One has to wonder, though, if DeMarcus is indeed a headcase, whether this organization is equipped to deal with it. One only needs to avert one’s eyes to Philadelphia and watch Spencer Hawes not rebound to remember how the Kings have faired with not-sure-they’re-totally-motivated-and-right-in-the-head-project-big-men.

The good news is that the lessons from the Spencer precedent seem to have been learned. The Kings hired DMC’s fomer high school coach to be an assistant pretty much the second they drafted him, and seem to have established a sort of “Team Tyreke 2.0” for their newest prize rookie. If you have yet to read the fantastic Sam Amick piece over at NBA Fanhouse about the team effort to build DMC into this league’s next great big man, you would do well to move over there and get started. The whole piece is a must read for Kings fans and NBA guys in general, but the point that I found the most encouraging was how much support DeMarcus has around him, how well adjusted the plan behind his hopeful ascension to the NBA elite seems to be.

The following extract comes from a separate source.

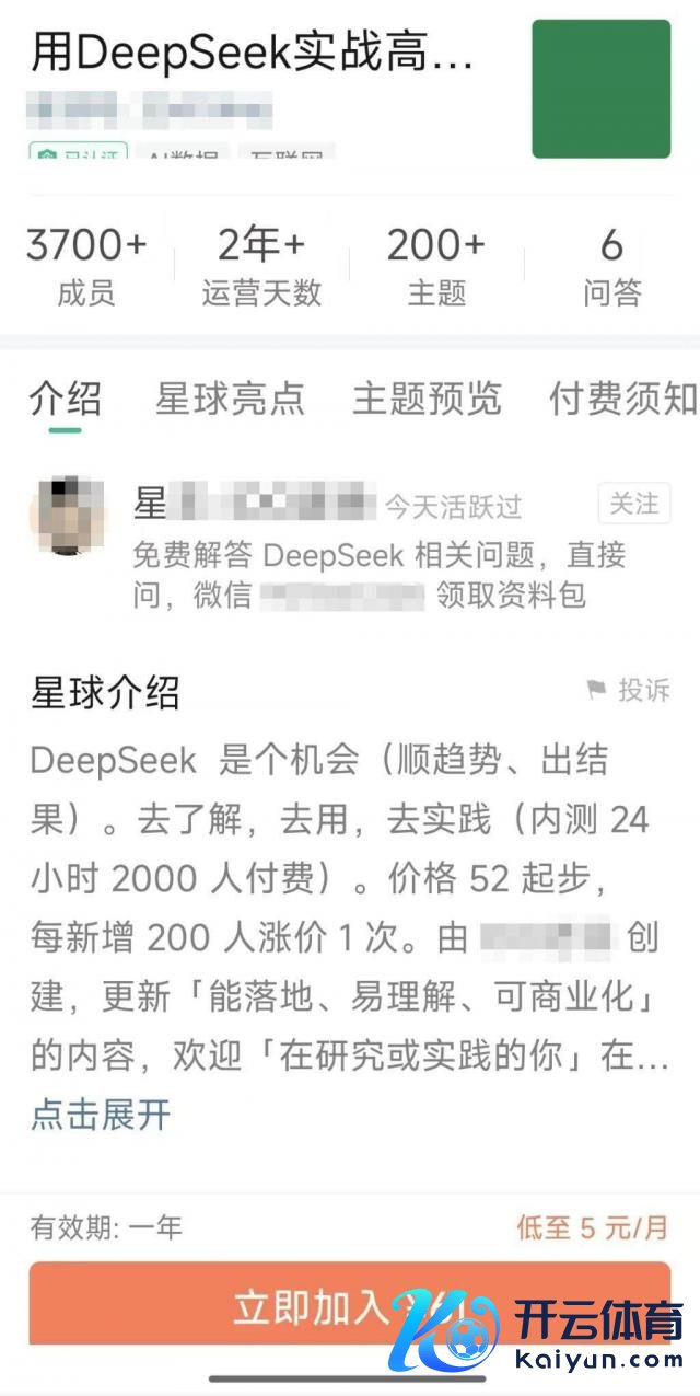 在付费常识社群"常识星球"上,记者搜索到跳动百个 DeepSeek 研究社群,基本骨子都是共享 DeepSeek 研究课程,会员收费从 50 元到 200 元不等。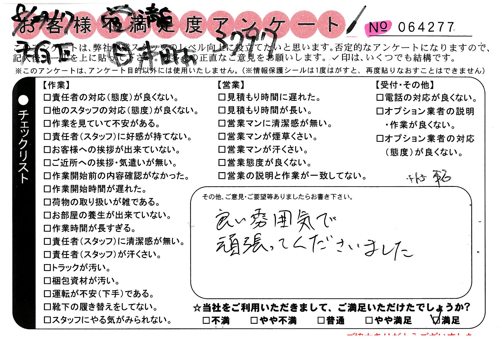 大変気持ち良く作業していただきました。

My favorite part of the piece was this:

The two resounding themes of Cousins’ plan, according to all involved, are humility and patience. Being humble means avoiding opulence even if he’s due to earn approximately $3.3 million this season. Being patient means remembering that no one expects him to help save the franchise before his 21st birthday, even if a recent injury to expected starter Samuel Dalembert has already sped up his learning curve that they would like to take slow.

‘The whole thing, the whole process, with my agent, and my whole circle, was to stay in the gym and to stay humble,’ Cousins said. ‘Most of the players are out buying their cars, buying their jewelry or whatever. I was in the gym, driving my rental car, my Ford Explorer … The whole approach was to stay humble.’ ”

This may seem silly, but for a player who was derogatorily compared to the likes of Derrick Coleman, this went a long way towards reassuring to you. Coleman was the poster child of what Bill Simmons calls the “too much too soon” era in the NBA, when the lack of a rookie scale led to overblown rookie contracts, and 19 year old multi-millionaires who casually threw money out the window just because they thought they can. Hearing that Cousins has the right people around him who are committed to keeping his head straight is a huge relief.

Of course, answers are impossible to come by at this point and time, with DeMarcus still boasting 0 NBA games on his resume. And while putting the kid in the right environment and between the right people is all great, the bottom line is that DeMarcus will go as far as DeMarcus takes him. The conditioning concerns, the short fuse, those supposed tussles with Calipari – they are as much a part of DeMarcus as is the dominating paint presence, the soft shooting touch, and the suprisingly strong passing game. It is up to DeMarcus to filter both his personality and his game, keeping only the positive, leaving the negative to live on in 2010 mock draft archives and nothing more. I want him to do it. I know he can. Whether he will is all him.

And even if things look grim every now and then, I encourage you to remember that David Kahn called him fat and out of shape. Which means that at the very least, fate is on his side.